**TASK INPUTS:**
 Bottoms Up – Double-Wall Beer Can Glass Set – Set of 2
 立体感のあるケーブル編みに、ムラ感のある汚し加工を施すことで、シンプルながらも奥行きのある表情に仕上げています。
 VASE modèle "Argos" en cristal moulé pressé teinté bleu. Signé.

--

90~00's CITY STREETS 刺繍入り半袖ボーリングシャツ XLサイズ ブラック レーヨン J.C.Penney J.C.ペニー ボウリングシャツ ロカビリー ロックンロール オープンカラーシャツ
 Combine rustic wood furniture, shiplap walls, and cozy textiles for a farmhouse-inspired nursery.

**DIRECTIONS:** Reproduce exactly the lines of the records above from the one with "90~00's CITY STREETS" to the one with "Combine rustic wood", both included, and leave out everything else.

**FINAL ANSWER:**
90~00's CITY STREETS 刺繍入り半袖ボーリングシャツ XLサイズ ブラック レーヨン J.C.Penney J.C.ペニー ボウリングシャツ ロカビリー ロックンロール オープンカラーシャツ
 Combine rustic wood furniture, shiplap walls, and cozy textiles for a farmhouse-inspired nursery.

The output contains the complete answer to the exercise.